DATA SHOWN |
-- Opening Marker --
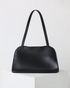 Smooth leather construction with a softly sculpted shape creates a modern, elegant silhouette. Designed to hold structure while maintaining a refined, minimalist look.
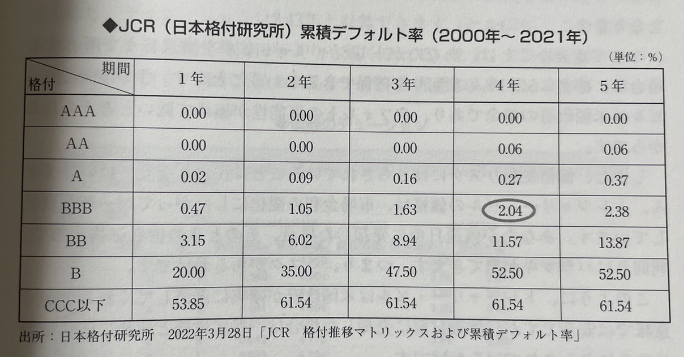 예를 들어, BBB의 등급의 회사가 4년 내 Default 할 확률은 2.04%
-- Closing Marker --
-- Opening Marker --
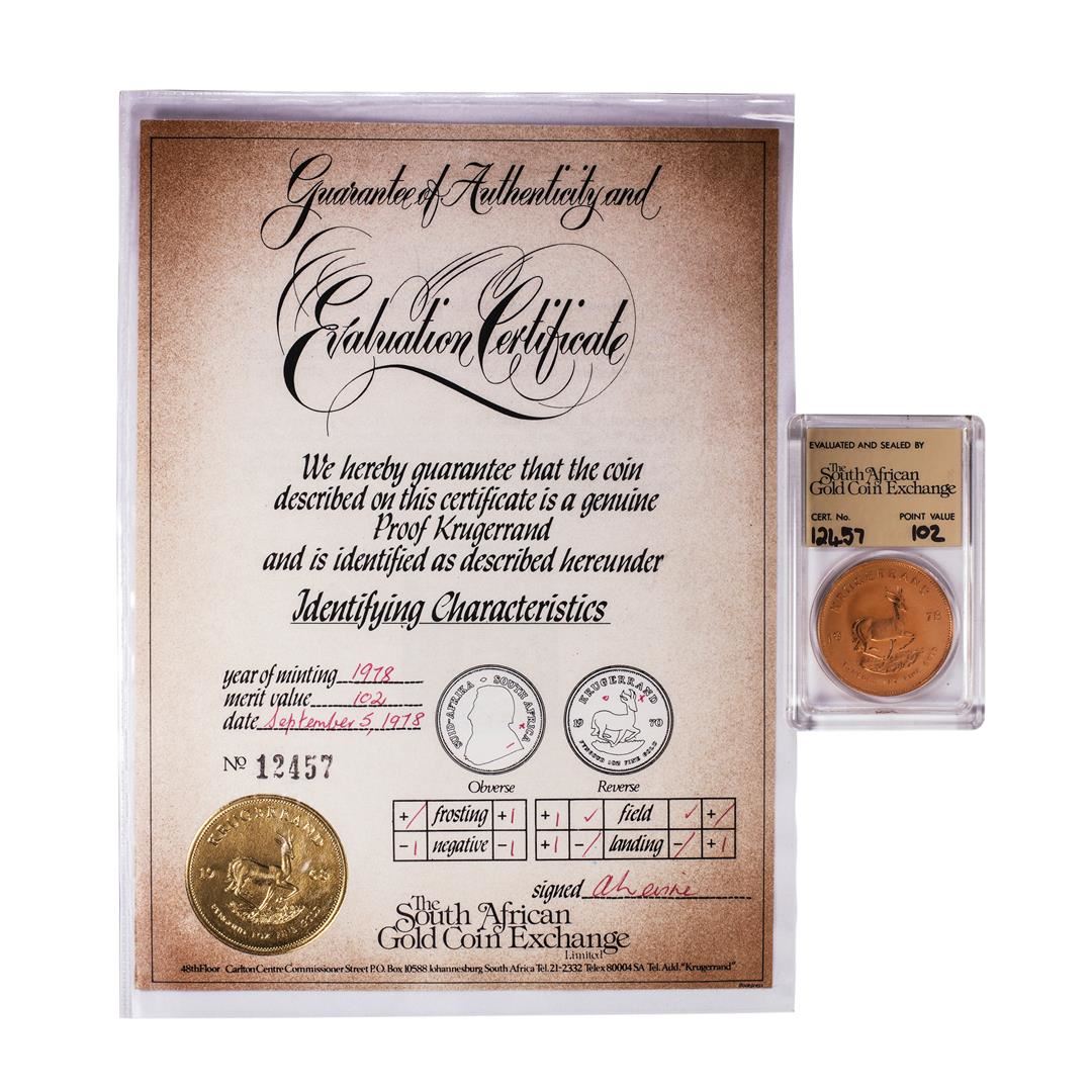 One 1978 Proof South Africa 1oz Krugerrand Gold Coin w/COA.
-- Closing Marker --
TRY IT |
A verbatim reproduction is expected: starting at the line above that has "Smooth leather construction", ending at the line that has "예를 들어, BBB의 등급의 회사가 4년 내 Default 할 확률은 2.04%", both included, and with no pictures and no other lines.

PROBLEM SOLUTION |
 Smooth leather construction with a softly sculpted shape creates a modern, elegant silhouette. Designed to hold structure while maintaining a refined, minimalist look.
 예를 들어, BBB의 등급의 회사가 4년 내 Default 할 확률은 2.04%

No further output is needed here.